Momentum $\alpha$ is used to diminish the fluctuations in weight changes over consecutive iterations:

$$\Delta\omega_i(t+1) = – \eta\frac{\partial E}{\partial w_i} + \alpha \Delta \omega_i(t),$$
where $E({\bf w})$ is the error function, ${\bf w}$ – the vector of weights, $\eta$ – learning rate.

Weight decay $\lambda$ penalizes the weight changes:

$$\Delta\omega_i(t+1) =- \eta\frac{\partial E}{\partial w_i} – \lambda\eta\omega_i$$

The question is if it makes sense to combine both tricks during the back-propagation and what effect it would have?

$$\Delta\omega_i(t+1) = – \eta\frac{\partial E}{\partial w_i} + \alpha \Delta \omega_i(t) – \lambda\eta\omega_i$$

Best Answer

Yes, it's very common to use both tricks. They solve different problems and can work well together.

One way to think about it is that weight decay changes the function that's being optimized, while momentum changes the path you take to the optimum.

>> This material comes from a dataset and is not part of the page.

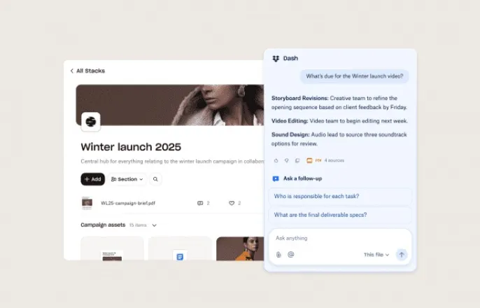 PDF부터이미지까지자연어검색가능…MCP호환앱·내부서비스로AI확장(지디넷코리아=한정호기자)드롭박스가인공지능(AI)어시스턴트및범용검색툴인'드롭박스대시'의확장성을강화해사용자접근성을높인다.드롭박스는대시의컨텍스트인식AI기능을드롭박스자체솔루션에확장적용한다고28일밝혔다.드롭박스대시는슬랙·마이크로소프트·노션·캔바등다양한업무툴과연동돼사용자가여러플랫폼에저장된방대한콘텐츠와정보를한곳에서검색할수있도록지원한다.(사진=드롭박스)업무시컨텍스트인식AI는사용자와팀의업무맥락을이해해필요한정보와인사이트를보다정확하게제공한다.이번데스크톱앱정식출시로드롭박스대시는별도의IT지원없이도누구나손쉽게툴을연동하고설정할수있게됐다.드롭박스대시는멀티모달검색을통해자연어기반콘텐츠검색기능도제공한다.사용자는간단한설명만으로PDF부터PNG까지다양한형식의콘텐츠를정확하고빠르게찾을수있다.대시의검색기능은드롭박스의모델컨텍스트프로토콜(MCP)서버를통해클로드·커서·구스와같은MCP호환앱내에서도사용가능하다.또사용자의자연어질문에도콘텐츠데이터를기반으로답변을제공한다.AI기반작문툴을활용하면답변내용을이메일초안이나보고서등실제콘텐츠로발전시킬수있다.이모든과정은인터넷탭을전환하거나파일을새로생성하지않고도이뤄진다.특히드롭박스대시는팀이함께사용하는실시간업무공간역할을한다.스택기능을통해팀전체의업무맥락을이해해관련콘텐츠,링크,변경사항등을실시간으로정리하고업데이트한다.사용자가질문을하면관련스택의자료를기반으로구체적인답변을제공한다.이모든기능은드롭박스의개인정보보호및보안원칙을바탕으로설계됐다.드롭박스는사용자의데이터를판매하지않으며생성형AI모델개발에사용하지않는다고강조했다.또접근제어기능을통해사용자의콘텐츠를안전하게보호한다는방침이다.드롭박스는향후드롭박스대시의AI기능을드롭박스자체서비스에도확대적용할계획이다.이를통해기존드롭박스사용자들도드롭박스대시의AI기능을경험할수있다.아울러드롭박스는AI스타트업모비우스랩스와협력해이미지·동영상·오디오등다양한미디어파일을포함한복합검색및응답기능을고도화할예정이다.드롭박스대시앱은현재미국에서만제공되며향후다른국가로서비스범위를확대할계획이다.드롭박스신재용매니저는"MIT의최신NANDA이니셔티브보고서에따르면전체AI툴의95%가파일럿단계에머물며실제도입으로이어지지못하고있다"며"우리는이러한문제를해결하기위해다양한업무툴과의연동성을지속적으로강화하고드롭박스대시의강력한AI기능에대한접근성을확장하고있다"고말했다.이어"드롭박스대시는이제팀의한구성원처럼사용자들의업무효율화를지원할것"이라고덧붙였다.한정호기자([email protected])Copyright©지디넷코리아.무단전재및재배포금지.

Weight decay, by shrinking your coefficients toward zero, ensures that you find a local optimum with small-magnitude parameters. This is usually crucial for avoiding overfitting (although other kinds of constraints on the weights can work too). As a side benefit, it can also make the model easier to optimize, by making the objective function more convex.

Once you have an objective function, you have to decide how to move around on it. Steepest descent on the gradient is the simplest approach, but you're right that fluctuations can be a big problem. Adding momentum helps solve that problem. If you're working with batch updates (which is usually a bad idea with neural networks) Newton-type steps are another option. The new "hot" approaches are based on Nesterov's accelerated gradient and so-called "Hessian-Free" optimization.

But regardless of which of these update rules you use (momentum, Newton, etc.), you're still working with the same objective function, which is determined by your error function (e.g. squared error) and other constraints (e.g. weight decay). The main question when deciding which of these to use is how quickly you'll get to a good set of weights.